Sure enough, the map shows a red flag labeled “Wolf Mountain Lodge” next to a lake and a winding road. I put his phone into the hands-free holder next to the steering wheel, so we can both see it during our drive. Justin’s phone case is bright red, with a sticker declaring “I Voted” stuck on the back. When I first saw his phone, the randomness of it struck me as charming.

It still does.

Justin puts the car in gear, but before we start to move I grab his hand and offer an apologetic squeeze, although I don’t quite know what I’m apologizing for.

Annie wouldn’t like that either. If she were with us in the car, she’d side-eye me into oblivion. Maybe chuck her well-worn copy of The Awakening onto my lap from the back seat. “I thought you might need some leisure reading for your trip,” she’d deadpan, trying to make me laugh and cringe at the same time.

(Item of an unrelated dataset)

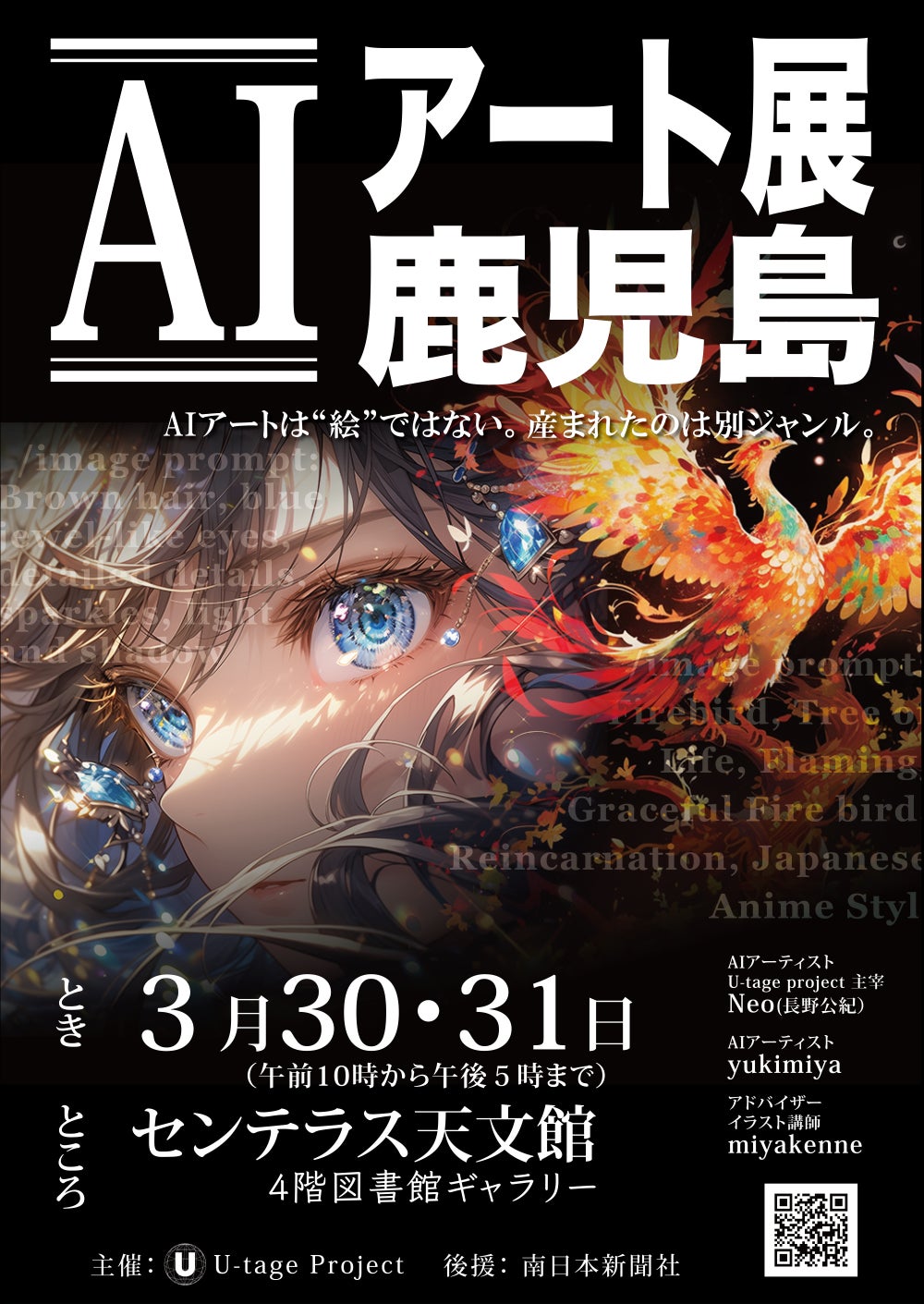 当プロジェクトは、3月30日・31日に、センテラス鹿児島にて開催するAIアート展 鹿児島のサポートのために立ち上げました。

But, then again, she doesn’t know what I’ve done.

At least that’s something she and Justin have in common.

Justin and I stay like this for a few quiet breaths, hands entwined like the lovers that we are, until he edges my Chevy Corsica into the light traffic of Youngstown city proper. After trading in and out of a few highway exits we move off the interstate, and the scenery turns picturesque: red barns and white houses with laundry still hanging from the line despite the cold.

The sun is starting to set as we transition from farmland into forest, and cleared fields give way to foothills. The landscape becomes denser with trees, and the berm on the side of the road is littered with remnants of past snows. Looking out the window, I catch a glimpse of myself in the rearview mirror. My brown hair is longer than it’s been in a while, and the tips poke out from underneath my knitted cap. I’ve always looked young for my age, and my students at the university often mistake me for a fellow undergraduate. I try out a smile for myself in the mirror, and in my reflection I look happy.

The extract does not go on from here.